Le candidat réformateur Masoud Pezeshkian, un député de 69 ans qui plaide pour une ouverture de l’Iran vers l’Occident, a remporté ce samedi 6 juillet le second tour de l’élection présidentielle avec plus de 16 millions de voix sur un total de 30 millions de bulletins déjà dépouillés, selon les autorités électorales. Il devance l’ultraconservateur Saïd Jalili, qui a recueilli, pour le moment, 13 millions de votes.
Organisée à la hâte après le décès du président ultraconservateur Ebrahim Raïssi dans un accident d’hélicoptère en mai, la présidentielle s’est tenue dans un contexte de mécontentement populaire face notamment à l’état de l’économie frappée par des sanctions internationales.
A l’issue du vote vendredi, lors duquel quelque 61 millions d’Iraniens étaient appelés aux urnes, la participation s’est établie à 49,8 %, après un premier tour marqué par une forte abstention. Le nombre de bulletins nuls s’élèverait à plus de 600 000.
"Nous tendrons la main de l’amitié à tout le monde, nous sommes tous des habitants de ce pays, nous devrions utiliser tout le monde pour le progrès du pays", a déclaré Masoud Pezeshkian, lors de sa première prise de parole depuis sa victoire, en remerciant ses sympathisants. Tout en affirmant sa loyauté à la République islamique, celui que les Iraniens nomment le "docteur" appelle à des "relations constructives" avec Washington et les pays européens afin de "sortir l’Iran de son isolement".
Nul n’aurait parié sur ce député de Tabriz, la grande ville du nord-ouest de l’Iran, lorsque sa candidature a été acceptée par le Conseil des gardiens avec cinq autres candidats, tous conservateurs.
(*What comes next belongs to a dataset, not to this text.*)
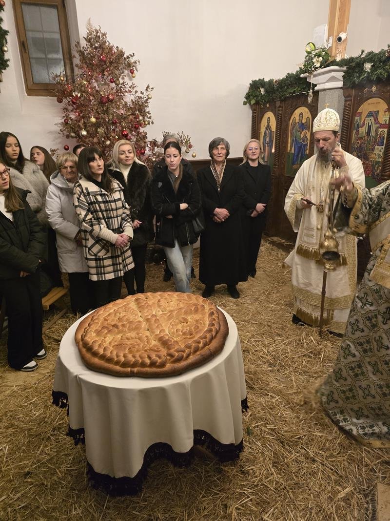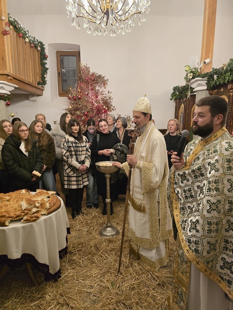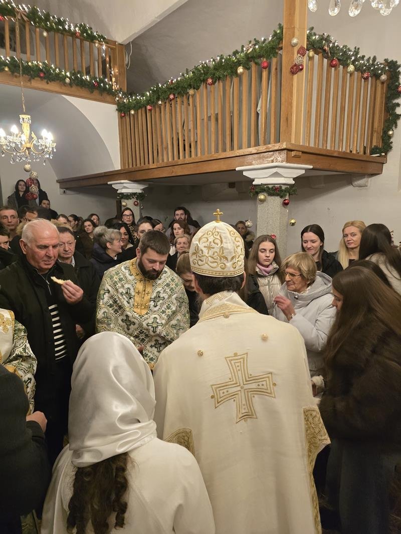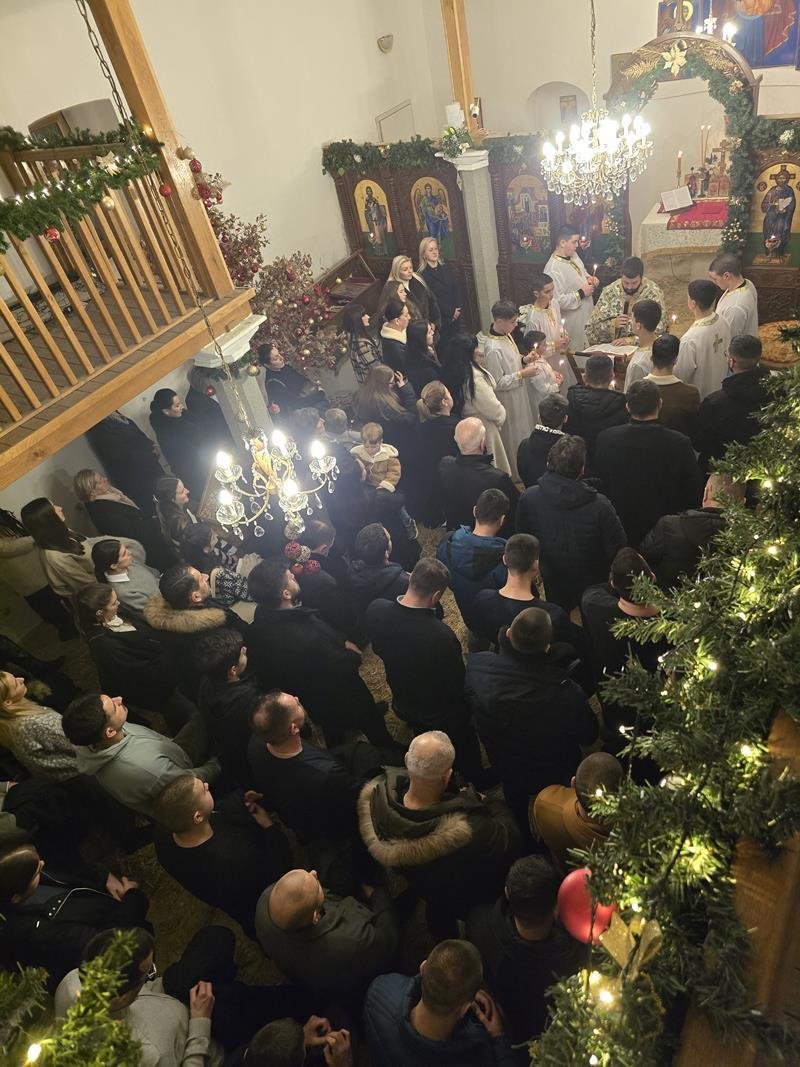 По Отпусту, Владика Димитрије упутио је сабранима поздрав мира Христос се роди, рекавши да је Бог послао Сина свог у овај свијет да свијет постане то што је Бог створио – творевина Божија, и да тако уведе све у Царство Небеско, да све спасе. Човјек треба да се спрема за Царство Небеско, а Божић је најбоље вријеме да се човјек измири са свима које среће, да свима све опрости и да са свима живи у миру. Након бесједе Владике Димитрија, услиједила је подјела чеснице. Божићњем литургијском сабрању, у име мостарско-дувањског бискупа Петра Палића, присуствовао је дон Стјепан.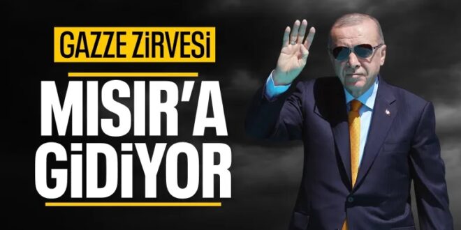 Son dakika gelişmesine göre, Cumhurbaşkanı Recep Tayyip Erdoğan Gazze Zirvesi’ne katılmak üzere yarın Mısır’ın Şarm El-Şeyh şehrine gidecek.

Ce père de famille, qui a élevé seul trois enfants après la mort de son épouse et d’un autre enfant dans un accident de voiture en 1993, se présente comme la "voix des sans-voix".
Le scrutin était suivi avec attention à l’étranger alors que l’Iran, poids lourd du Moyen-Orient, est au cœur de plusieurs crises géopolitiques, de la guerre à Gaza au dossier nucléaire, dans lesquelles il s’oppose aux pays occidentaux, notamment les Etats-Unis, son ennemi juré. Arrivé en tête au premier tour, Masoud Pezeshkian plaide pour un Iran plus ouvert à l’Occident. Saïd Jalili, 58 ans, est, lui, connu pour ses positions inflexibles face aux puissances occidentales.
Le nouveau président a reçu le soutien de ses prédécesseurs, le réformiste Mohammad Khatami et le modéré Hassan Rohani. Des figures de l’opposition, en Iran et au sein de la diaspora, avaient appelé au boycott du scrutin, jugeant que les camps conservateur et réformateur représentent deux faces de la même médaille.
Masoud Pezeshkian appelle à régler la question du port obligatoire du voile pour les femmes, l’une des causes du vaste mouvement de contestation ayant secoué le pays fin 2022 après le décès de Mahsa Amini, arrêtée pour non-respect du code vestimentaire strict. Lors de deux débats télévisés, les candidats ont abordé les difficultés économiques du pays, ses relations internationales, le faible taux de participation aux élections et les restrictions imposées à Internet par le gouvernement.
Négociateur dans le dossier nucléaire entre 2007 et 2013, Saïd Jalili s’était fermement opposé à l’accord conclu finalement en 2015 entre l’Iran et des puissances mondiales, dont les Etats-Unis, qui imposait des restrictions à l’activité nucléaire iranienne en échange d’un allègement des sanctions. Les négociations sur le nucléaire sont actuellement dans l’impasse après le retrait unilatéral des Etats-Unis en 2018, qui ont réimposé de sévères sanctions économiques à Téhéran.
L’élection devrait avoir des répercussions limitées, le président n’ayant que des pouvoirs restreints : il est chargé d’appliquer, à la tête du gouvernement, les grandes lignes politiques fixées par le guide suprême, l’ayatollah Ali Khamenei, qui est le chef de l’Etat.